Abstract:
As we all are living in pandemic covid19, which is affecting every perspective of daily life. Every
class is badly suffering from this disease. It has been a subject of discussion since 2019 due to the
increased prevalence of social media and its extensive use and it has been a source of tension, fear,
and disappointment for people all over the world. In this research, we have taken the covid19
tweets data of ten different regions including United States of America, Pakistan, India, China,
South Africa, Philippines, United Kingdom, Switzerland, Philippines, and Ireland with timespan
of 25th July of 2020 to 29th august of 2020. Using the common word embedding technique count vectorizer, we experimented with different classifiers on data to train deep neural networks to
improve the accuracy rate for predicting emotions.
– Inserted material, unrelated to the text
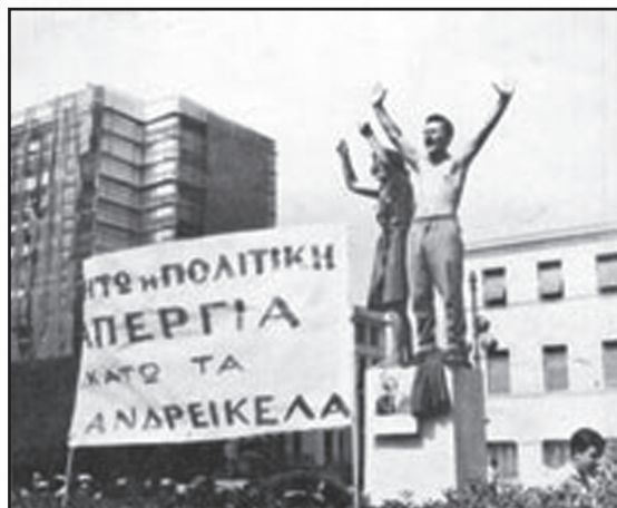
Γενική πολιτική απεργία 27.7.1965

29.7.65: Συνεδριάζει η κοινοβουλευτική ομάδα της Ένωσης Κέντρου. 143 βουλευτές υπογράφουν πρωτόκολλο καταδίκης των προδοτών του Κέντρου, όπως τους αποκαλούν.
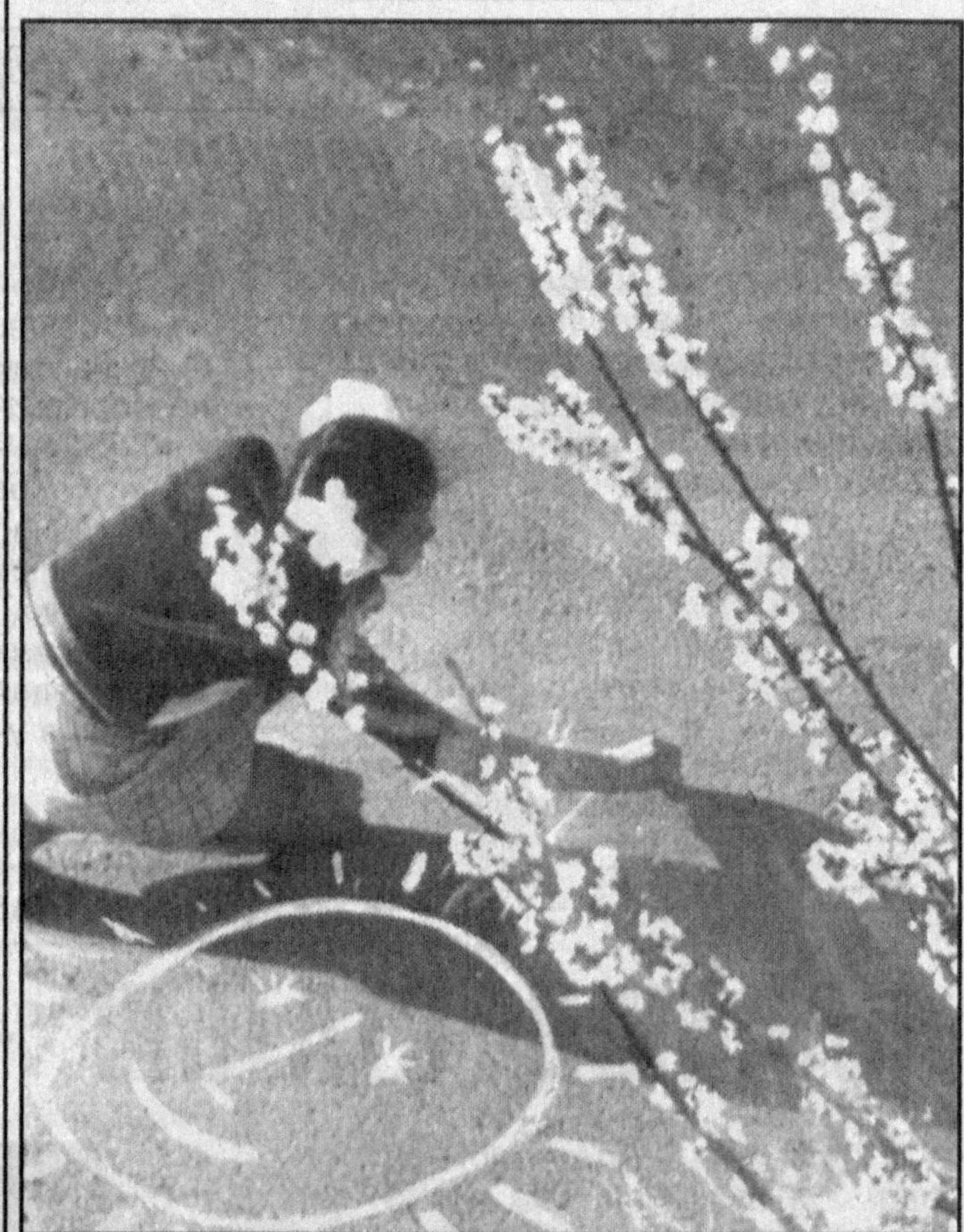
В каждом рисунке - солнце.

Частному детсаду при ООО «Маслахат ва тренинг маркази «Адолат» требуются для работы в русскоязычных группах опытные воспитательницы и помощница воспитательницы. Справки по телефону: 273-71-14, 351-34-74.

We assigned sentiments with highest accuracy
rate. After mining the opinions of these regions about covid19, we have collected the PCR results
of these regions. we have compared the percentage of opinion in form of positive or negative
responses with percentage of per million PCR covid results of these regions. After this region and
time wise twitter-based PCR analysis, we came to know that how much these regions are serious
for pandemic. Also, we figured out a real time international measure to detect these region’s
seriousness for any future pandemic. This research can help the administrations of different regions
for taking wise and suitable steps for controlling spread of any outgoing and upcoming pandemic.